The ex_hello example demonstrates how to use the NT4C parser to generate the text "hello world" and display it on the screen.

int main(int, char **) {
NT_PARSER parser = {};
if (nt_parse("hello world", 0, &parser) <= 0) {
return EXIT_FAILURE;
}
printf("%.*s\n", (int) parser.doc.begin->size, parser.doc.begin->data);
return EXIT_SUCCESS;
}

screenshot

ex_echo

This example demonstrates how to utilize the NT4C parser to parse and display a NestedText document on the screen. The input document undergoes parsing twice. Initially, the length of the document is calculated. Subsequently, a variable-length array is set up to store the Document Object Model (DOM).

int main(int, char **) {
int node_count = nt_parse(input_data, sizeof(input_data), nullptr);
if (node_count <= 0) {
fprintf(stderr, "%s\n", "parse error");
return EXIT_FAILURE;
}
NT_NODE nodes[node_count];
NT_PARSER parser = {};
nt_parser_set_memory(&parser, nodes, sizeof(nodes)/sizeof(nodes[0]));
if (nt_parse(input_data, sizeof(input_data), &parser) > (int) node_count) {
fprintf(stderr, "not enough memory for %lu nodes\n", parser.doc.length);
return EXIT_FAILURE;
}
for (NT_NODE *it = parser.doc.begin; it < parser.doc.end; ++it) {
printf("%.*s", (int) it->size, it->data);
}
return EXIT_SUCCESS;
}

screenshot

ex_pretty

This example shows how to use the NT4C parser to pretty-print a NestedText document.

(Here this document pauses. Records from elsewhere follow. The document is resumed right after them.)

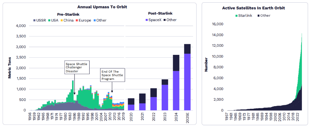 2025年,每年送入轨道的水平达到历史新高,SpaceX占据主导地位。该公司拥有超越9000颗活跃的Starlink卫星,约占地球轨道所有活跃卫星的66%。
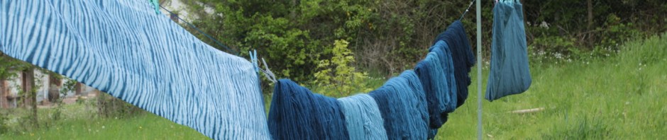 En parlant de verts, voici des bleus indigo qui vont, pour la plupart, devenir des verts avec une teinture gaude. Les doubles teintures indigo et gaude pour le vert sont toujours compliquées et demandent du temps et plusieurs procédures pour être prêts, mais je les aime.
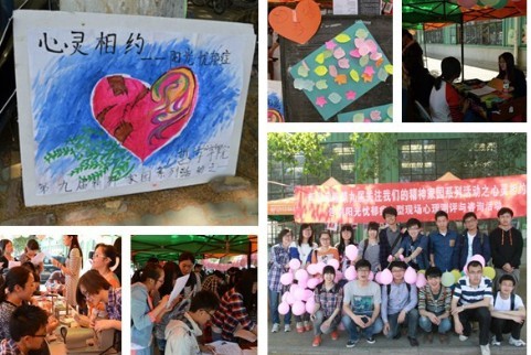 针对当前大学生群体中愈来愈严重的孤独、缺乏快乐感等现象,4月13日于桂圆风雨操场前,举办了以“告别阳光忧郁症”为主题的心灵相约活动,包括设置困惑墙,心理测评,专业老师面对面,心理游戏,“写给未来的你” 之说出烦恼、对忧郁say byebye及还愿季等内容。
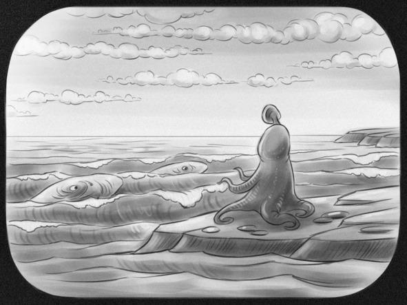 Конечности идут. По одной. Сначала одна вперёд. Потом вторая. Потом третья. Неудобно. Давай по-другому: сначала одна, потом вторая, потом опять первая. По очереди. Сами идут, без меня. А я на них еду. А я кто? Ладно, пока не важно. А может, я не туда еду? Надо же было в море всё разглядеть с высоты края. А вдруг там мама и папа меня ищут? Да нет. Не ищут. Сказали: «Закономерное!» Ладно.
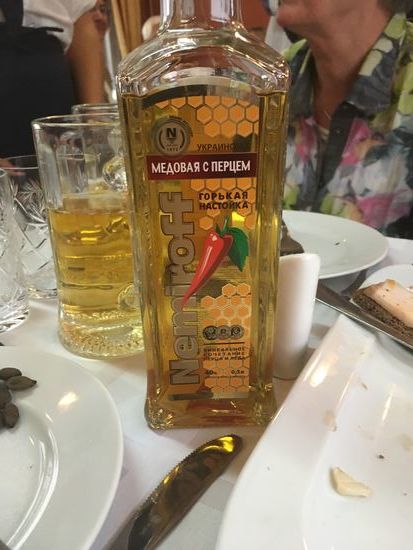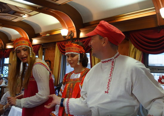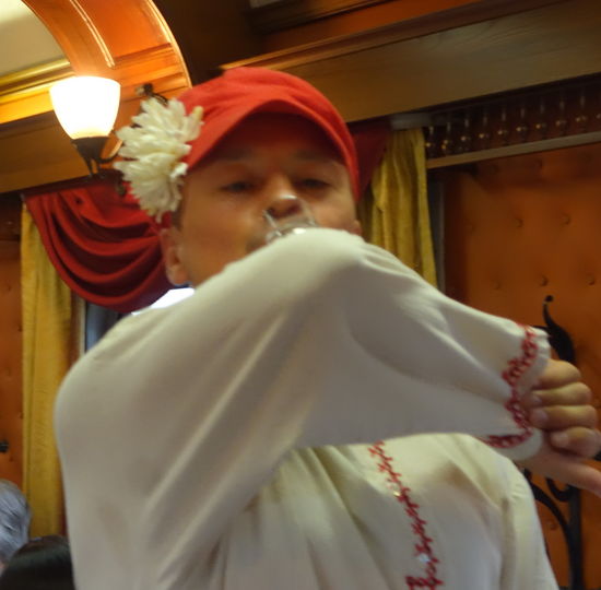 Das heutige Abendessen im Zug artet zu einem Amüsement aus, denn nach dem ersten Gang startet eine Wodkaprobe mit fünf unterschiedlichen ‚Gesöffs‘.
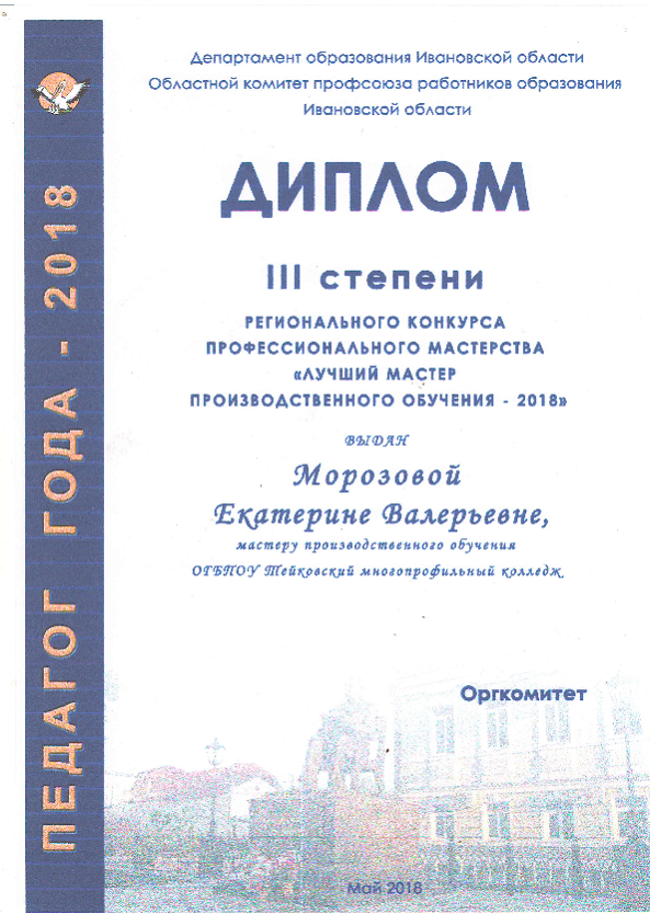 Мастер производственного обучения по профессии «Повар, кондитер» Морозова Екатерина Валерьевна стала финалисткой конкурса и завоевала диплом IIIстепени регионального конкурса профессионального мастерства «Лучший мастер производственного обучения – 2018». Коллеги Екатерины Валерьевны поздравляют с достигнутым результатом и желают дальнейших успехов и побед в профессиональной деятельности.
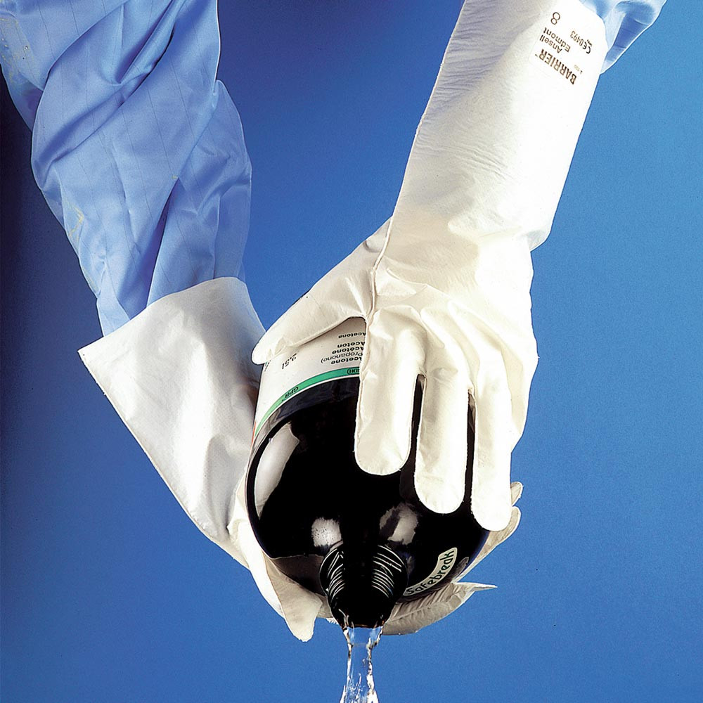 Gefahren-Kategorie III - Schutz gegen hohe Risiken Nach EN ISO 374-5 und EN ISO 374-1 ∙ Chemikalienbeständige, 5-lagige Laminat-Handschuhe Anatomische PassformSchutz vor einem äußerst breiten Spektrum von Chemikalien und Flüssigkeiten ∙ AQL 0,065 (EN 374) ∙ Glatte Ausführung mit Schutzstulpe ∙ 100% geprüft: Jeder Handschuh wird einzeln luftdruckgeprüft ∙ Länge 380 - 410 mmDicke 0,062 mm ∙ Farbe weiß
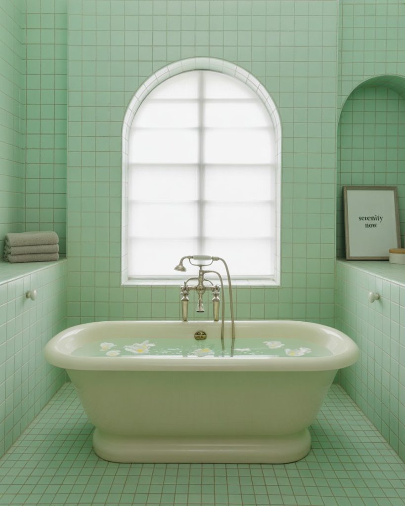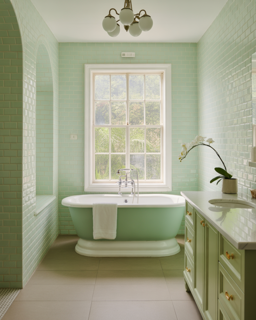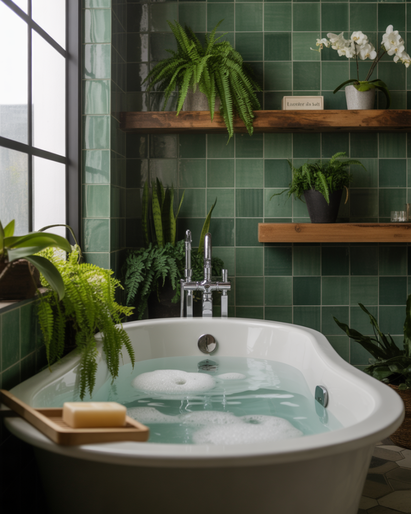 Adding green through plants or sage-colored tiles transforms a bathroom into a refreshing retreat. This style thrives in modern or rustic homes, but even a small full bath feels larger when plants bring in texture. A friend’s ensuite with hanging ivy and succulents felt surprisingly cute and uplifting, showing how greenery can improve mood and style at once.
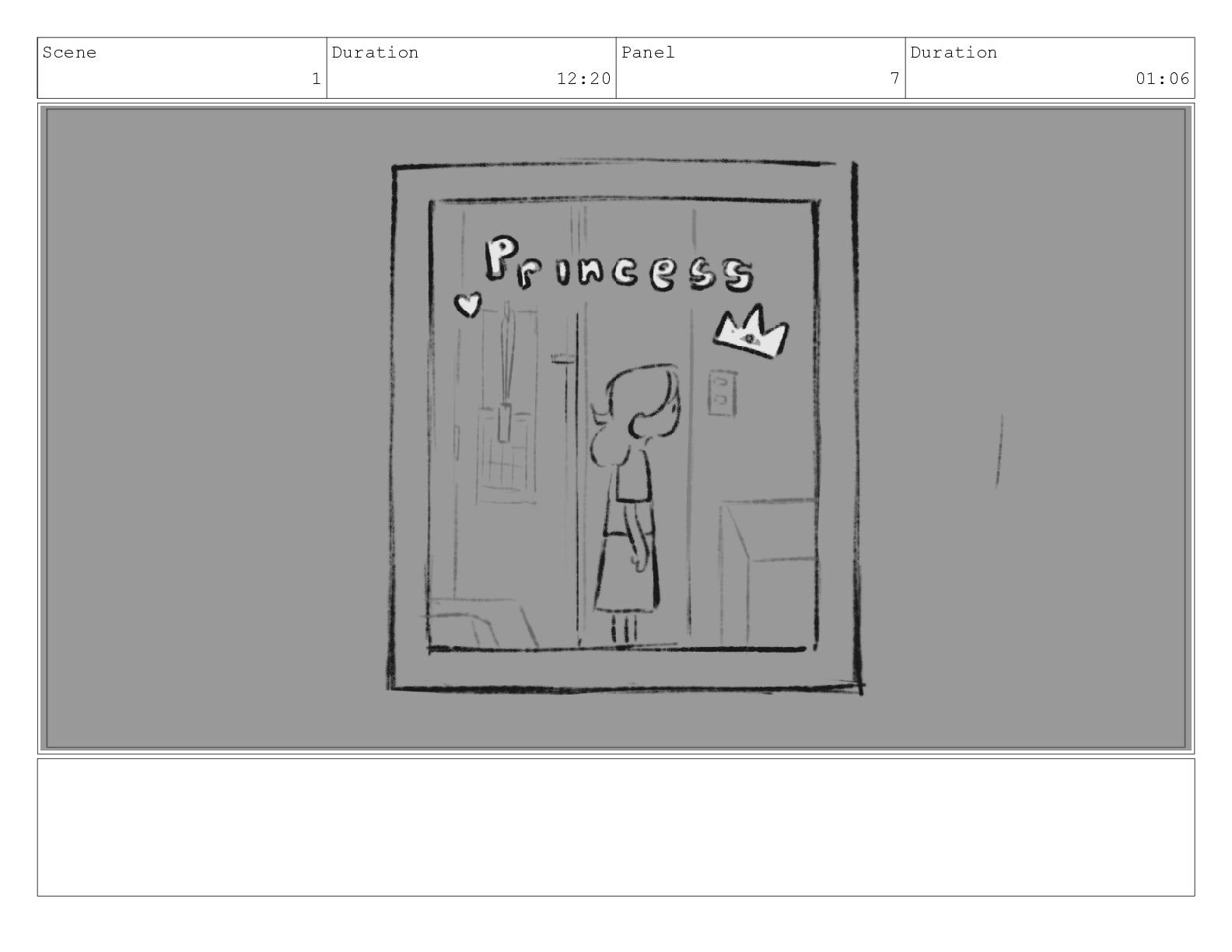 Scene 1 Duration 12:20 Panel 7 Duration 01:06

It reformats the input text and adds syntax highlighting.

int main(int, char **) {
NT_PARSER parser = { .settings = { .blacklist = NT_SPACE|NT_NEWLINE } };
if (nt_parse((char *) input_data, 0, &parser) > (int) parser.mem.capacity) {
fprintf(stderr, "not enough memory for %lu nodes\n", parser.doc.length);
return EXIT_FAILURE;
}
return pretty_print(parser.doc.root, 0);
}

Here is a NestedText document before and after pretty-printing, as shown in the screenshot below:

nt4c/examples/ugly.nt

Lines 1 to 29 in 934ab23

this :
is : an ugly 𝓪𝓼𝓼
# NestedText
#document
#and we are going
to parse it :
- for the purpose
# of
making :
it :
appear :
- more
- easily
- readable
by :
> indenting
> the document
> properly
and :
we:
also :
added :
-color
# ... to
highlight :
- syntax
#
# errors

screenshot

ex_tree

This example shows how to use the NT4C parser to print the structure of a NestedText document on the screen.

int main(int, char **) {
constexpr size_t node_count = 200;
NT_NODE nodes[node_count];
NT_PARSER parser = {};
nt_parser_set_memory(&parser, nodes, node_count);
int result = nt_parse((char *) input_data, sizeof(input_data), &parser);
if (result > (int) node_count) {
fprintf(stderr, "not enough memory for %lu nodes\n", parser.doc.length);
return EXIT_FAILURE;
}
print_tree(parser.doc.root, 0);
return EXIT_SUCCESS;
}

Here is a screenshot showing the structure of the parsed NestedText document:

screenshot

License

NT4C has been authored by Erich Erstu and is released under the MIT license.